Set the resource starting timeout

The cloud_resource_starting_timeout flag controls how long Anyscale waits for the minimum required nodes to start on a cloud resource before falling back to another cloud resource. The default is 15 minutes.

Anyscale only applies this timeout while the cluster is in the PREPARING_MIN_INSTANCES state. When the timeout expires, Anyscale terminates the partially started instances on the current cloud resource, marks that resource as failed for the current launch attempt, and selects the next cloud resource using the active strategy.

Use duration format such as 30m for 30 minutes or 1h for one hour.

The following example sets a 30-minute timeout with the input_order strategy:

cloud: my-multi-resource-cloud
configs:
- cloud_resource: vm-aws-us-west-2
auto_select_worker_config: true
- cloud_resource: vm-aws-us-east-1
auto_select_worker_config: true
flags:
cloud_resource_strategy: input_order
cloud_resource_starting_timeout: 30m

Accelerator requirements

When using min_resources with accelerator types such as 'accelerator_type:A100-40G', the specified accelerator must be available in the target cloud resources. For VM deployments, both cloud resources must have instance types with the specified GPU available. For Kubernetes deployments, you must define the accelerator types in your custom instance type configurations.

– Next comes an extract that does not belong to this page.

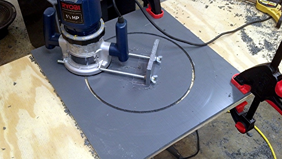 I do have a really nice looking circle of worthless PVC though. Might just hang it on the wall as a reminder. Routing a circle in PVC is a bit o' fun as well . . . The cutter pretty much melts its way through. It's like plowing a field . . you are turning the material over, but it's a molten stringy gob behind in the furrow. Lots of back and forth to clean out the groove.

For more information about accelerator types and auto-selected workers, see Auto-select worker nodes.

Limitations

The following limitations exist for multiple resource configurations:

  • Only available in Anyscale clouds created using cloud register.
  • Only jobs support configuration with multiple resources.
  • Ray clusters can only launch in one resource at a time for each job.
  • Services can only start on the primary cloud resource. Services aren't supported on other cloud resources within a multi-resource cloud.
  • No support for task or actor dashboards.
  • For Kubernetes cloud resources, the system storage bucket must reside in the same cloud region as the cluster and VPC. The Anyscale Operator's storage health check derives its object-storage endpoint from the resource's region field, so a bucket in a different region fails the health check.